Competition carves a path forward to carbon-free
Understandably, it’s easy for someone to overlook the IRP provisions in favor of the headline-grabbing carbon-free goals. When someone says 100% carbon-free by 2050, it’s easy to understand what that means (even without necessarily knowing where all that carbon-free energy will come from). The same cannot necessarily be said for the IRP reforms. After all, they are technical changes to process-related provisions in Arizona’s existing energy rules. But, if done correctly, these provisions have the potential to achieve the same clean energy outcomes that stakeholders involved in the energy rules hoped to achieve.
How can that be? The answer is simple: by creating a multi-step Commission review process that includes truly competitive, all-source bidding as well as opportunities for meaningful stakeholder engagement and input, all of which are included in the new provisions.
The problem with existing processes
The existing IRP process is focused on two things: how much energy we need (called the load forecast) and where that energy is going to come from (called the resource mix).
Years ago, these determinations were made in Arizona as part of a utility’s rate case, and were often contentious. That is because utilities had every incentive to maximize the load forecast. The determination about which resources were needed to meet a utility’s energy demands, while once more straightforward, has similarly become increasingly fraught over the years. It was also incredibly difficult for stakeholders to track and engage on these issues, because rate cases tended to be long and complicated. But in 2010, the IRP process was stripped out of the rate case into its own proceeding, creating additional opportunities for oversight, monitoring over load forecast and resource mix as technologies changed, and better opportunities for stakeholders to engage.

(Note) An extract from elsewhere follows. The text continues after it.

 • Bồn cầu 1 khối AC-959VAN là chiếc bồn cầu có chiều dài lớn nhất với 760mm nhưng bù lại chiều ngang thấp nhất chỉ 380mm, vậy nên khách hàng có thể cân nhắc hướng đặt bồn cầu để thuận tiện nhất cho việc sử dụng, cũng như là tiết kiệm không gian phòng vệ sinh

Likewise, the request for proposal (RFP) process, used to determine the resource mix, has also gone through some changes over the years. In fact, there was a time in Arizona that RFPs were not required at all, resulting in self-dealing on the part of utilities. To deal with that problem, the Corporation Commission created an RFP process that required independent monitoring to ensure bids were truly arms-length transactions. Since then, the RFP process has gone through a subsequent evolution, wherein the parameters of an RFP might only include certain resources (natural gas, for example) or are clearly written to apply to certain predetermined winners. As a result, the situation now is that resources that could meet the energy demands in an RFP — such as renewable energy technologies — might be excluded entirely from a bid.
Out with the old, in with the new
The new IRP process has three distinct steps to deal with all of those issues to create a more modern process with a truly competitive energy market.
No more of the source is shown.